'Picasso: challenging the past'

 

National Gallery, London, February-June 2009

 

This exhibition makes an interesting contrast with ‘Rodchenko and Popova’ at Tate Modern. The latter showcases two artists in post-revolutionary Russia who sought to play their part in building a new world by wiping the artistic slate clean and starting again. Picasso, by contrast, brought up in Barcelona and painting in Paris, sees himself working within the long tradition of western art, going back to the Renaissance and beyond.

The exhibition highlights various examples of how Picasso addressed a traditional subject-matter in the language of modernism, as well as, later on, attempting to rework specific examples of some of the old masters.

It is especially in the early work that we see Picasso’s most fruitful engagement with tradition. Critics disagree over what Cubism was ‘about’, but it was certainly, among other things, a continuation of the work of Cezanne, who himself was wanting to build on Impressionism. Cezanne sought to integrate the immediacy of experience of Monet with the intellectual constructiveness of Poussin. In continuing Cezanne’s approach, Cubism can be seen, at least from one angle, as an early form of post-modernism: it discards the naïve realism of Impressionism (‘reality is what I see’) in favour of a more complex, Kantian idea of knowledge, that we do not know reality directly, but the mind imposes its own order upon the perceptions that are received by the senses.

Thus we see Picasso seeking to continue and update the western artistic canon by taking traditional subjects, such as nudes and still-lifes, and addressing them, not as they have traditionally been seen, but as they are now understood by the mind. His figures, such as the beautiful and poignant Seated nude of 1909, are constructed out of multiple sense perceptions.
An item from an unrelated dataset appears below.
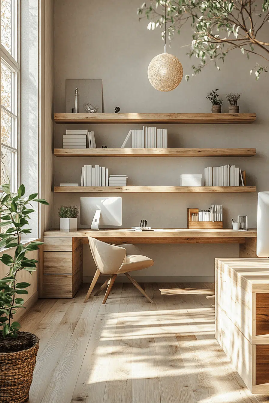 Pale timber surfaces and bright finishes make this room feel effortlessly open. Light woods add warmth without visual weight. This look supports calming office decor by encouraging focus through brightness and softness. Keep décor minimal and intentional. The space feels expansive, fresh, and motivating. Brighten your office with airy wood accents today.

But at the same time a gulf of unknowability is established between the viewer and the original objective reality of the subject.

I tried to approach this exhibition with an open mind, but in fact it only confirmed my view that – with the notable exception of Guernica – Picasso’s work after the 1920s was disappointingly vapid, broadly swept canvases that speak of little more than his own moods and insecurities.
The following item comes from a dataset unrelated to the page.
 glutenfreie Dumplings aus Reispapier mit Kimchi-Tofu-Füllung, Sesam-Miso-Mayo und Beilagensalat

The main room of the exhibition focuses on works from his later years, especially between 1954 and 1962, in which he attempted to rework in his own language some of the masterpieces of the past. It was a major effort on his part: 15 paintings based on Delacroix’s Women of Algiers, 27 on Manet’s Dejeuner sur l’herbe, and more than 50 relating to Velazquez’s Las Meninas. But were his paintings ‘inspired’ by the masters, or, as the catalogue says, ‘provoked’ by them? Was he now, an artist in his 70s, trying to learn from the masters or trying to outdo them? It is not apparent, looking at the works, what is added to these images by his reworking of them. What came across to me from them is the sense of fear and insecurity about his powers as an artist – the same fear that we also find in his repetitive paintings of predatory women, who threaten to deprive him of his other form of creativity.